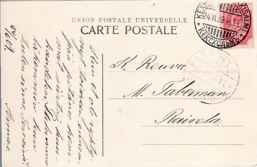 X704.02 Postikortti 24.06.1909 Käkisalmi 25.06.1909 Raivola M. Taberman (vh)
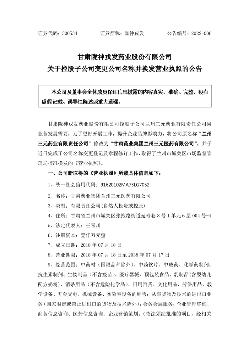 關(guān)于控股子公司變更公司名稱并換發(fā)營業(yè)執(zhí)照的公告
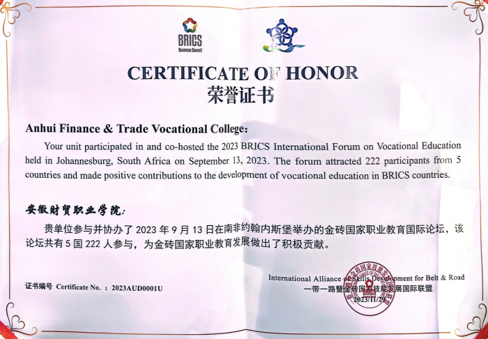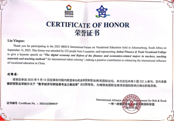 会上,国际联盟对我校协办的2023年金砖国家职业教育国际论坛作出表彰,颁发了荣誉证书;对学校党委副书记、校长刘银国在论坛中作的“数字经济与财经类专业三教改革”主题报告进行了褒奖,对我校为增强我国职业教育的国际影响力作出的积极贡献给予肯定和表彰。
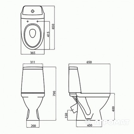 L39004000 MODO Унітаз-компакт, вертикальний випуск, з дюропластовим сидінням з мікрол, 3/6 л, нижній
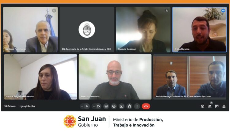 Participaron del encuentro virtual: por San Luis; Lorena Baigorria (Secretaria académica Universidad de La Punta), de Mendoza: Federico Morabito (Presidente de la Agencia Mendocina de Ciencia y Tecnología. Por San Juan: Germán Von Ew y Andrés Menegazzo. Por Nación lo hicieron Santiago Pordelanne, Subsecretario de Economía del Conocimiento de la Nación y Emilio Sbrocco, director Nacional de Fortalecimiento Regional de la Economía del Conocimiento y sus equipos de trabajo.

**Your objective:** Produce a verbatim transcription of every line in the listing, images omitted.

**Answer for the task:**
 X704.02 Postikortti 24.06.1909 Käkisalmi 25.06.1909 Raivola M. Taberman (vh)
 關(guān)于控股子公司變更公司名稱并換發(fā)營業(yè)執(zhí)照的公告
 会上,国际联盟对我校协办的2023年金砖国家职业教育国际论坛作出表彰,颁发了荣誉证书;对学校党委副书记、校长刘银国在论坛中作的“数字经济与财经类专业三教改革”主题报告进行了褒奖,对我校为增强我国职业教育的国际影响力作出的积极贡献给予肯定和表彰。
 L39004000 MODO Унітаз-компакт, вертикальний випуск, з дюропластовим сидінням з мікрол, 3/6 л, нижній
 Participaron del encuentro virtual: por San Luis; Lorena Baigorria (Secretaria académica Universidad de La Punta), de Mendoza: Federico Morabito (Presidente de la Agencia Mendocina de Ciencia y Tecnología. Por San Juan: Germán Von Ew y Andrés Menegazzo. Por Nación lo hicieron Santiago Pordelanne, Subsecretario de Economía del Conocimiento de la Nación y Emilio Sbrocco, director Nacional de Fortalecimiento Regional de la Economía del Conocimiento y sus equipos de trabajo.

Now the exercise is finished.